A. Matrix showing correlation coefficients between mRNA expression of analyzed splicing factors. The plot was generated based on Pearson correlation coefficients between expression values of splicing factors. Patient number 16 was removed from analysis due to deviation from normal distribution. For SC35 (gene: SFRS2) Spearman nonparametric correlation was used as data were not normally distributed in this group. The values of Pearson or Spearman r are given below the dot diagram. Splicing factors' gene names are shown in brackets. P<0.05 was considered statistically significant. B. mRNA expression ratios of splicing factors known to act antagonistically. The data are given as mean ± S.E. (for SF2/ASF: hnRNP A1 and hnRNP A1: SC35) or as median values and 95% CI (for SC35: SRp55 as data were not normally distributed in this group). Statistical analysis was performed using paired t test (for for SF2/ASF: hnRNP A1 and hnRNP A1: SC35) or Wilcoxon paired test (for SC35: SRp55). n = 37 for C, n = 37 for T, ** p<0.01.

Figure 4. Protein expression of splicing factors in twelve representative pairs of control (C) and tumor (T) samples.

Tumor grades of differentiation are shown (G1, G2, G3). Western blots of SF2/ASF (A) and hnRNP A1 (B) were used for semiquantitative analysis of protein bands after normalization to β-actin. Gray bars represent control samples. Black bars represent tumor samples.

Figure 5. Alternative splicing of genes involved in tumor progression.

A. PCR analysis of alternative splicing patterns in twelve pairs of control (C) and tumor (T) tissue samples. 1) RON; 2) CEACAM-1; 3) Rac1; 4) Caspase-9; 5) GLI1. Positions of primers used for PCR are shown relative to exons. Alternatively spliced exons are shaded. Gradings of tumor differentiation are shown (G1, G2, G3). B. Graph showing expression ratios of splice variants as determined by densitometric analysis of electrophoresed PCR products. Note different axis scales. Gray bars represent control samples. Black bars represent tumor samples.

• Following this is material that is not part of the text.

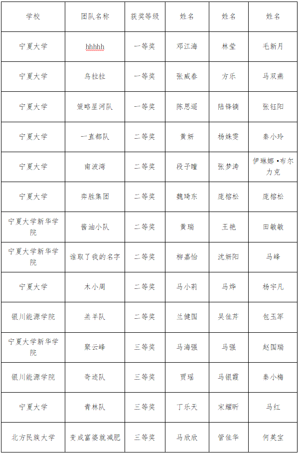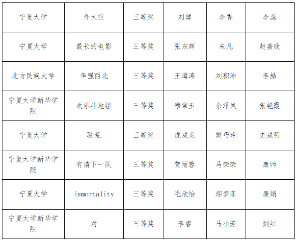 经过最后综合评分,我校3支队伍获得一等奖,4支队伍获得二等奖,5支队伍获得三等奖;宁夏大学新华学院2支队伍获得二等奖,4支队伍获得三等奖;北方民族大学2支队伍获得三等奖;银川能源学院1支队伍获得二等奖,1支队伍获得三等奖。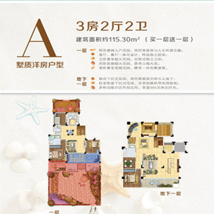 A戶型:3房2廳2衛,帶地下室(4房1廳)前庭后院(贈送225㎡)

Figure 6. Correlation between protein expression of SF2/ASF and Caspase-9a (A) and CEACAM1-L (B).

Pearson correlation analysis was performed on data from twelve pairs of control and tumor tissue samples. P<0.05 was considered statistically significant.

Figure 7. Analysis of CEACAM1 exon 7 sequence in a search for potential binding motifs of splicing factors.

Prediction of motifs was performed with ESE Finder software using matrices for prediction of sequences required for binding of splicing factors. For the prediction of SF2/ASF binding sites, two matrices were used: “SF2/ASF/IgM-BRCA1“ (white bars) and “SF2/ASF“ (gray bars). These two matrices were derived in different context (different minigenes and size of random sequence libraries in SELEX [27]). Only high-score motifs above thresholds for SF2/ASF (1.956), SF2/ASF/IgM-BRCA1 (1.867), SC35 (2.383), SRP40 (2.670), and SRp55 (2.676) are shown. The nucleotide sequence of CEACAM1 exon 7 is given on x-axis.